In a sense, the music conjured by League and Laurance is of an ilk better suited to the always uncomfortable term “world music” than the more traditionally rooted sounds typically tagged with the label. There’s a note of condescension and Western-centrism inherent in lumping together any folk music outside of the European classical tradition as “world music,” but
Where You Wish You Were is a fusion of global sounds that more accurately fits that vaguely defined term. It shares that quality with League’s ensemble Bokanté, which brought together influences from across the blues diaspora, in particular West African music and Delta blues, to create its own style-hopping hybrid.
League meanwhile dampens his piano strings with extra felt, resulting in a warm and cushioned sound that bolsters the atmospheric ambience of the music. Recorded at League’s home studio in Els Prats de Rei, Catalonia,
Where You Wish You Were resonates with a sense of open space, embracing the intimacy of the duo and situating their respective voices within a distinctive environment.
“We really wanted to drill down on the subtlety and purity of a composition,” Laurance says. “We tried to take away all the bells and whistles and just find the most distilled core of the composition in its purest form.”

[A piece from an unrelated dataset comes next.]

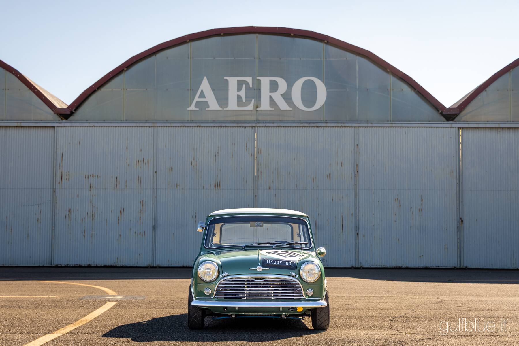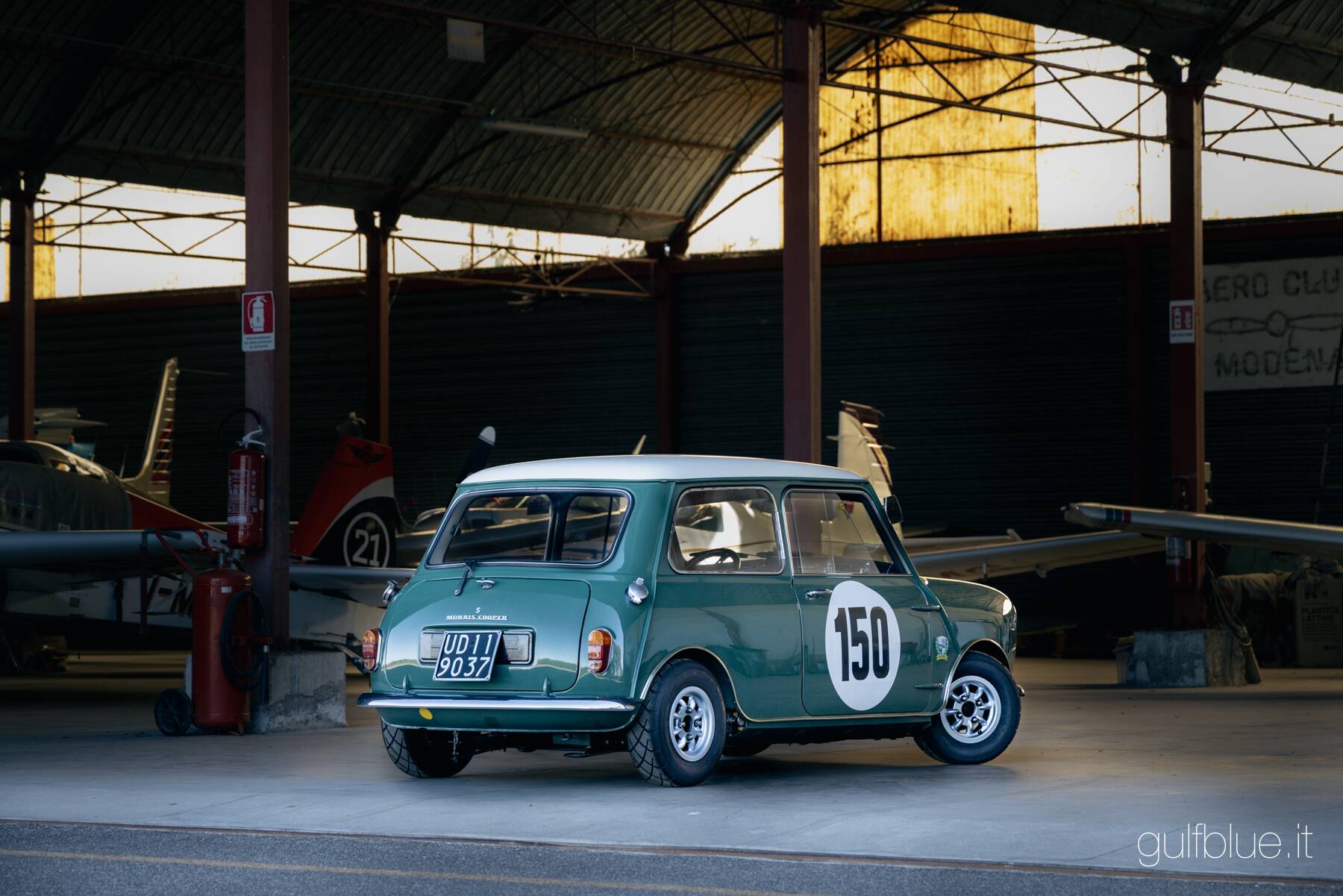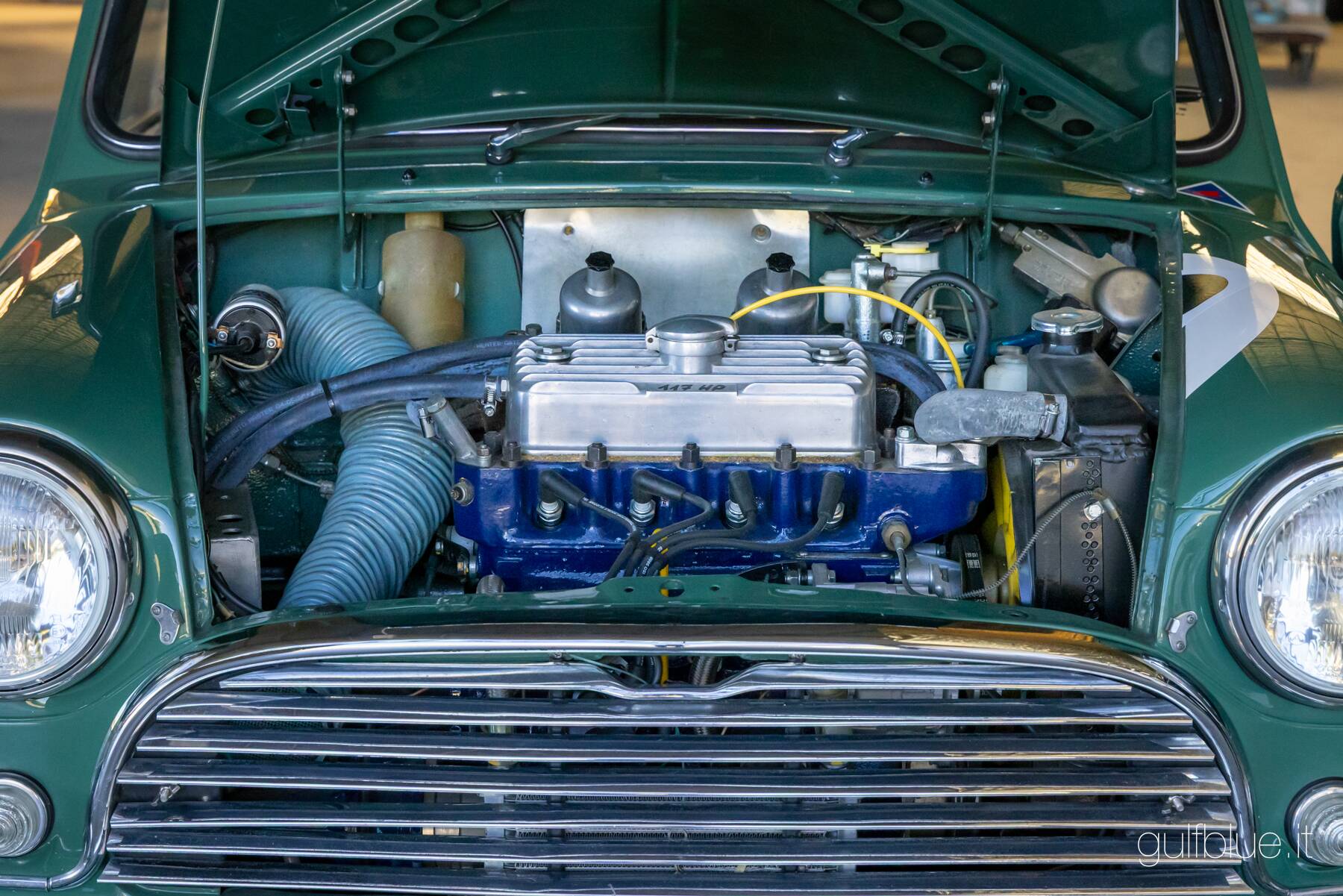 It is not the usual Mini: it is one of the rare Morris Mini Cooper S, sold new in Italy in 1965, precisely in Udine, which has raced both as a modern and as a historic car, with important results. It still appears in its original configuration, green with a white roof and grey-green interiors.
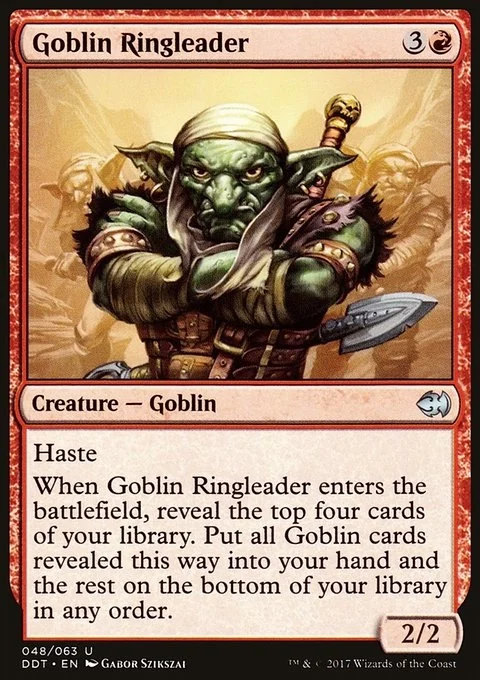 Haste (This creature can attack and {T} as soon as it comes under your control.) When Goblin Ringleader enters, reveal the top four cards of your library. Put all Goblin cards revealed this way into your hand and the rest on the bottom of your library in any order.

There’s a hint of desert haze in the traded melody of “La Marinada,” which opens the album, followed by the entrancing arabesques of League’s “Meeting of the Mind.” A dance between piano and bass, “Round House” is the liveliest example of the duo’s bristling chemistry, while Laurance’s simply titled “Duo” dwells in a more hushed and tender realm, like secrets whispered between trusted friends. “Tricks” ventures closest to Snarky territory, its elastic groove and staccato piano hits evoking an acoustic reimagining of electronic music.
Eclecticism has come to be a defining factor of Snarky Puppy’s identity, and also the only unifying thread tying together League’s varied efforts as a producer, which have included projects by Crosby, jazz-pop singer-songwriter Becca Stevens, Afro-Peruvian vocalist Susana Baca, Portuguese
fado singer Gisela João, and most recently a meeting of Cuban rumba ensemble Los Muñequitos de Matanzas and Havana-based jazz group Afrocuba. Laurance shares a similar range, with solo albums veering from solo piano to orchestral collaborations and ambient electronica.
Where You Wish You Were can be traced to the same restless curiosity, but it’s a much more tightly focused affair that finds these two artists responding simply to one another in real-time. “We made a point of focusing in on the fragility and intimacy of just two instruments, two musicians,” Laurance concludes. “Our tendency has always been overdub, overdub, overdub, but here we found ourselves peeling back rather than adding. With the recording, we were keen on trying to capture the essence of two people playing together in a room. It has a kind of naked feeling about it.”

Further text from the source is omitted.